▶ [EXERCISE GOAL] Could you restate word for word every line from the one containing "Постановление Правительства Ивановской" to the end of the data below, pictures excluded?

▶ [Dataset excerpts]
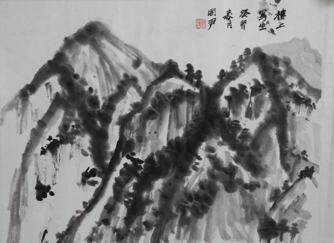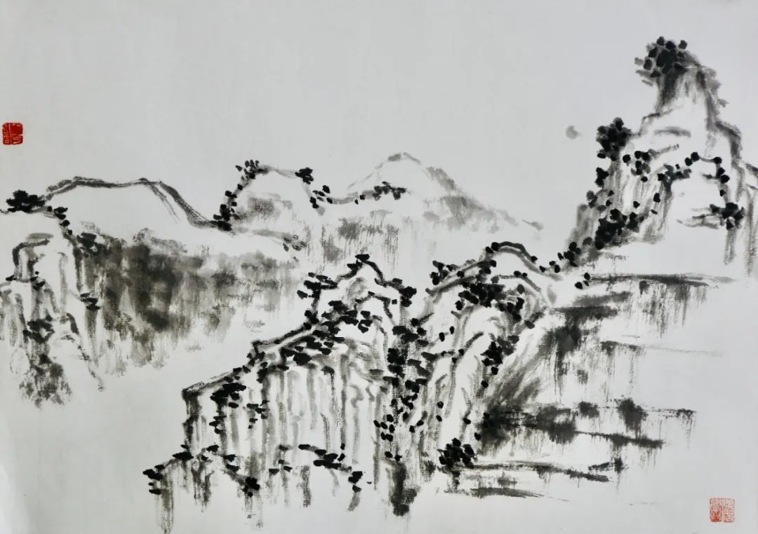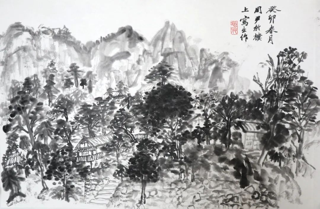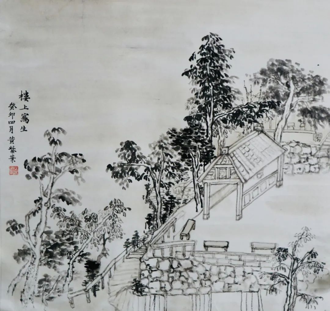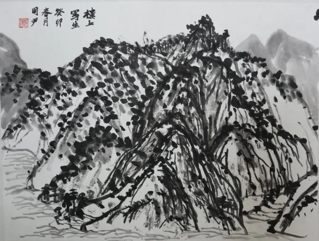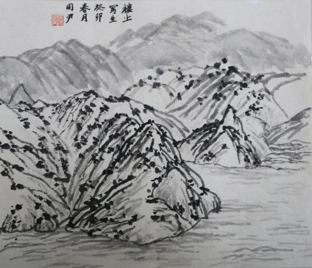 何为山水写生?在这次楼上之行前,我一直认为它与以往的绘画写生并无不同,只是把工具换成了毛笔。直到老师指出,“不要把山水画写成风景画,它不同于西画的透视观看方式”。我才开始渐渐明白原来山水画不是普通的删减后留出大片空白,也不是看见什么就画什么。这种删减也是根据画面需求而来的,适当的留白一方面是为了让画面不被堵死,尤其是画面的边边角角;再者是让画有更多迁想的空间。
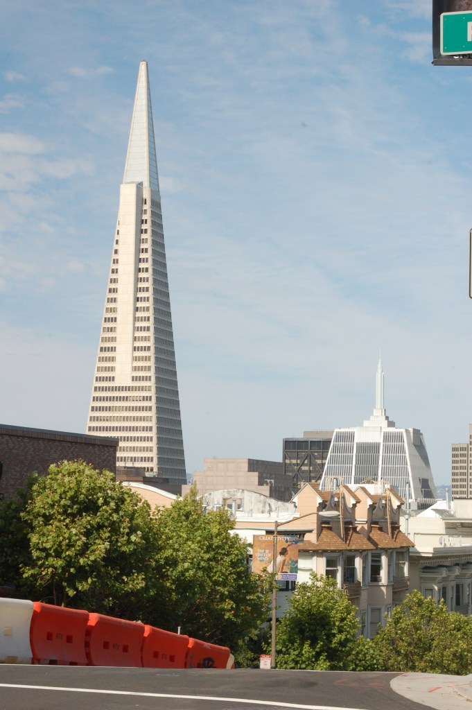 It rumbled out, all ten tons of it, relying on a clamp.  How fast you go depends on how hard the gripman grasps, though 9.5 m.p.h. is the maximum.  Just how steep the streets are becomes quickly apparent as we ascend, a serious 24.8 percent in one spot.  I reflect on architecture as we mount and there is plenty of variety on show.  Somewhere in the distance the Transamerica Pyramid looms, its weird sharp pointed shape dominating the skyline.
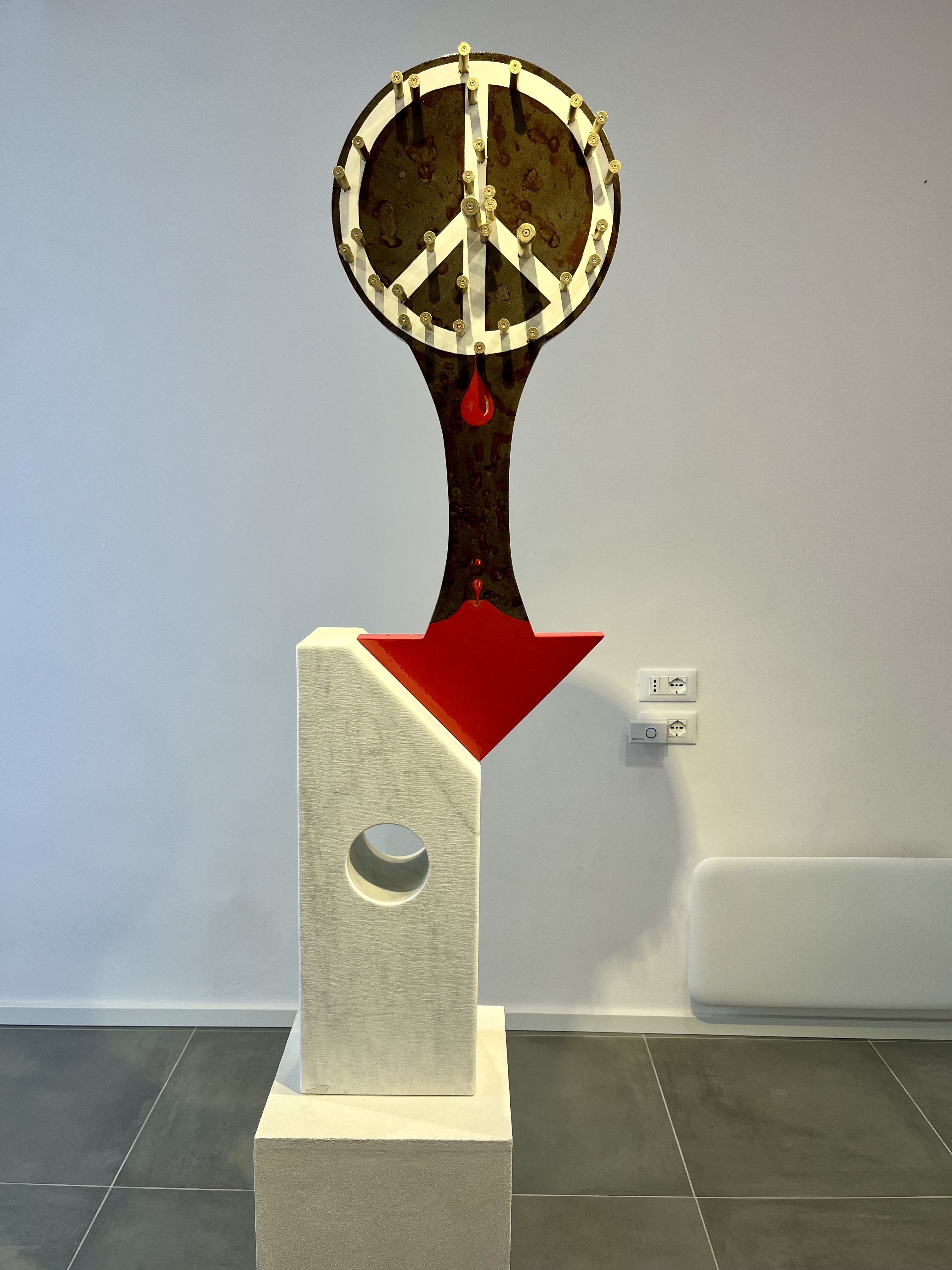 La base in marmo con un grande foro passante rappresenta la ferita profonda ed incurabile che lascia ogni guerra nel popolo che l’ha vissuta.
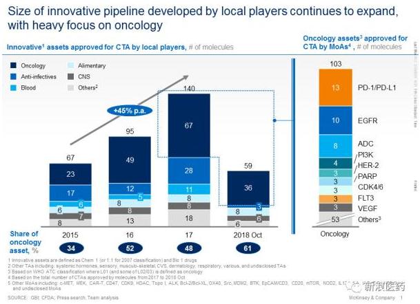 这个问题数据本身就可以说明。截至2018年底,根据CTA批准评价,中国生物制药研发的所有分子中,60%以上是肿瘤学领域的。
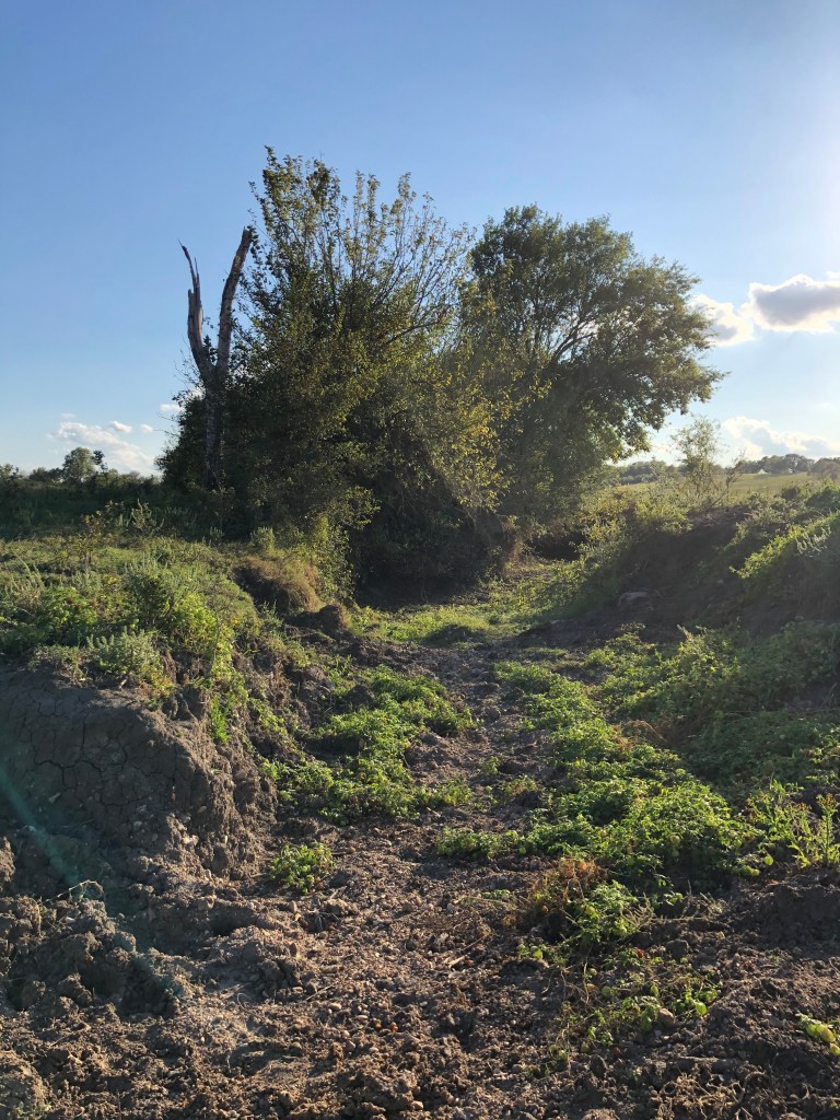 I hadn’t had a chance to show Kathleen what’s in the woods (mainly a lot of cedar elm and coral berry), so she had fun discovering the little stream (or where it would be if it rained more), then as we moved on, we saw the gate to nowhere, and other bottomland landmarks.
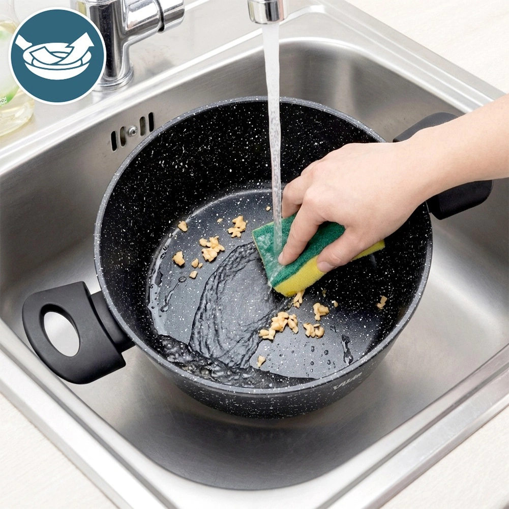 Acoperirea avansată din granit minimizează lipirea, facilitează eliberarea preparatelor și scurtează timpul de curățare.
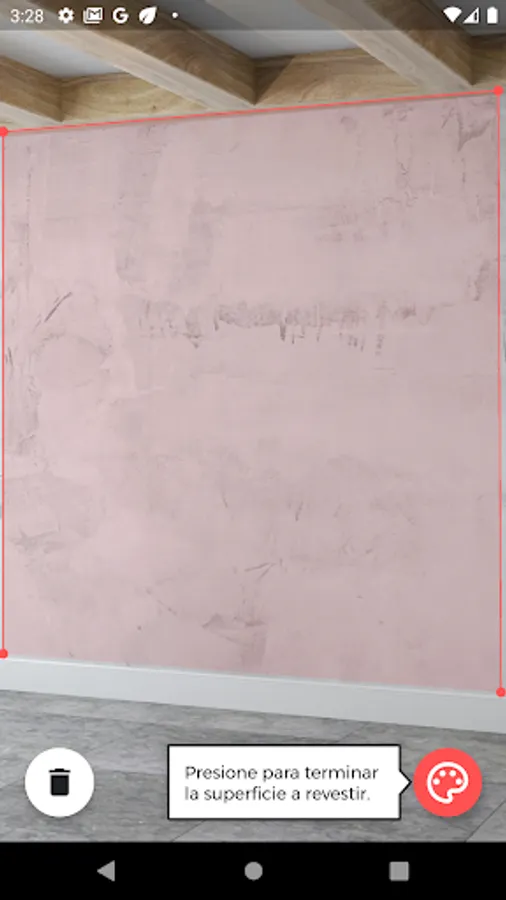 - Take a photo of a wall and touch various points on the screen to define the surface you want to cover.
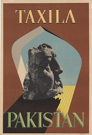 This Taxila (Pakistan) poster introduces the historic site through a focused, object-centered composition, isolating a sculptural fragment rather than surveying the broader landscape. The approach aligns with mid-century travel design strategies that foreground cultural artifacts as markers of place, allowing a single form to stand in for an entire historical continuum.
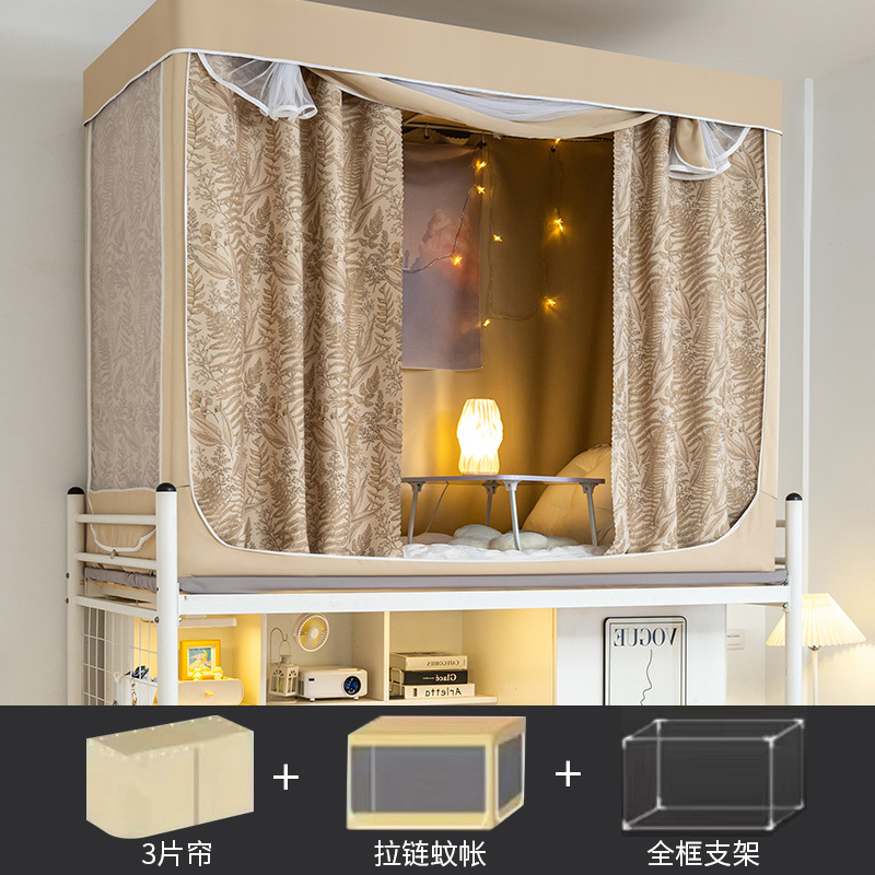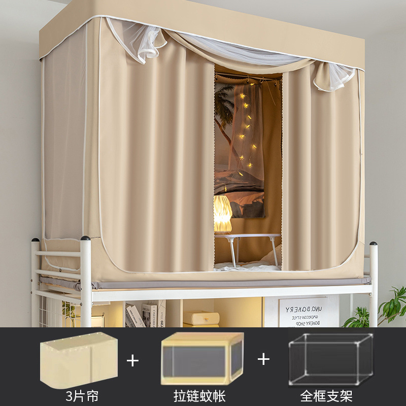 • 奶茶咖3片厚帘+带顶拉链蚊帐+全框支架⚑✦
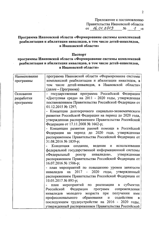 Постановление Правительства Ивановской области от 16.01.2019 N 1-п "Об утверждении программы Ивановской области "Формирование системы комплексной реабилитации и абилитации инвалидов, в том числе детей-инвалидов, в Ивановской области"
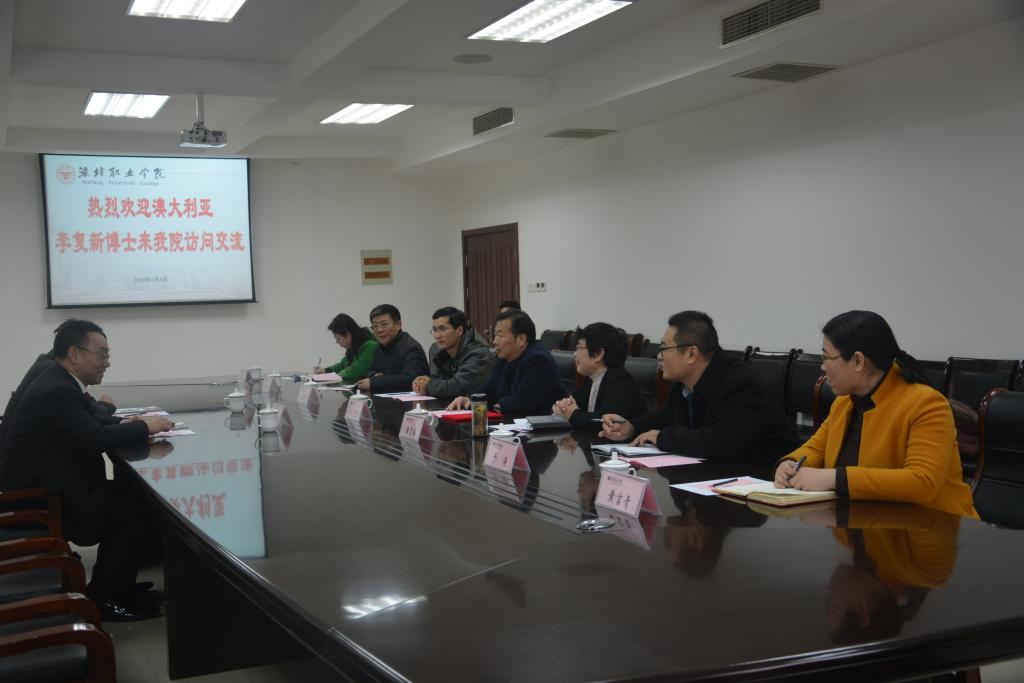 1月4日下午,澳大利亚华裔教育专家、中文教师联合会主席李复新博士一行两人莅临我院进行友好访问。副院长贺志强会见了客人,奎文校区管理办公室、科技处及国际商务学院相关负责同志参加了座谈。

▶ [TASK ANSWER]
 Постановление Правительства Ивановской области от 16.01.2019 N 1-п "Об утверждении программы Ивановской области "Формирование системы комплексной реабилитации и абилитации инвалидов, в том числе детей-инвалидов, в Ивановской области"
 1月4日下午,澳大利亚华裔教育专家、中文教师联合会主席李复新博士一行两人莅临我院进行友好访问。副院长贺志强会见了客人,奎文校区管理办公室、科技处及国际商务学院相关负责同志参加了座谈。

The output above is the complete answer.